NANETS2022 15th Annual Multidisciplinary NET Medical Symposium NANETS 2022 Clinical – Nuclear Medicine/Interventional Radiology/Imaging (16 abstracts)
1Department of Endocrine Neoplasia and Hormonal Disorders, University of Texas M.D. Anderson Cancer Center, Houston, Texas; 2Progenics Pharmaceuticals, Inc., a Lantheus company; N. Billerica, Massachusetts; 3Department of Radiology, University of Pennsylvania School of Medicine, Philadelphia, Pennsylvania.
Background: High-specific activity iodine-131 metaiodobenzylguanidine (HSA I-131 MIBG; AZEDRA®) is the only FDA approved systemic treatment for locally advanced or metastatic pheochromocytoma or paraganglioma (PPGL). We have previously described pivotal study efficacy data that served as the basis for HSA I-131 MIBG approval demonstrating improvements in blood pressure control, objective tumor responses, and biomarker responses. Here we provide the results from a European Organization for the Research and Treatment of Cancer Quality of Life Questionnaire (EORTC QLQ-C30 v3) developed and validated to assess the quality of life (QoL) of cancer patients.
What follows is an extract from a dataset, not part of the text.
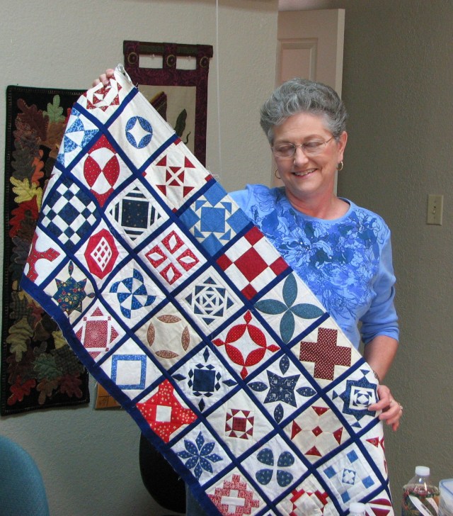 Sherrill is also working on a red, white & blue DJ quilt.  Her first DJ is finished, basted and ready for quilting.  But now she’s stuck.  So she just makes more DJ blocks.  She does have a completed DJ in which she made the blocks bigger – oh, so much bigger.  They are 6″ blocks.  And very cool.

Methods: Patients with iobenguane-avid PPGL who were ineligible for surgery, failed prior therapy or not candidates for chemotherapy were eligible to receive treatment. Patients received up to two therapeutic doses, each at ~500 mCi (18.5 GBq), administered ~90 days apart. QoL assessments, designed to measure cancer patients physical, psychological, and social functions, were measured by patient reporting of the EORTC QLQ-C30 v3. Questionnaires were administered at screening/baseline before the first therapeutic dose, at Weeks 3, 6, 10, 12, 15, 18, and 22, and monthly at months 6 to 12 following the first therapeutic dose. Best response within 12 months post-therapeutic dose 1 were determined. A high score (scale of 0 to 100) for overall global health status/QoL represents a high QoL. A high score (scale of 0 to 100) for the functional scales represents a high/healthy level of functioning. A high score (scale of 0 to 100) for a symptom scale/item represents a high level of symptomatology/problems.
Results: An improvement in mean±SD and median Global Health Status/QoL from baseline (n=57) compared with best response was observed (59.8±19.8 vs. 77.8±17.7 (+18.0); and 58.3 vs. 83.3 (+25.0), respectively). For each parameter of the five functional scales, mean scores after baseline (n=58) suggest an improvement in function that was sustained for at least 12 months: Role (64.3±29.9 vs. 86.2±19.8 (+21.9)); Social (67.7±29.2 vs. 90.2±20.0 (+22.5)); Physical (72.3±20.7 vs. 88.7±14.1 (+16.4)); Emotional (73.7±21.7 vs. 93.1±11.7 (+19.4)); and Cognitive (80.8±21.9 vs. 96.8±8.39 (+16.0)). For symptom scales (fatigue, pain, financial difficulties, insomnia, dyspnea, constipation, appetite loss, nausea and vomiting, and diarrhea), the best response mean scores after baseline suggest an improvement for all symptoms ranging from -26.5 (pain) to -6.2 (diarrhea).
Conclusions: In a pivotal clinical study, advanced PPGL patients physical, psychological, and social functions were all improved over baseline consistent with improvements in reported efficacy outcomes when treated with HSA I-131 MIBG.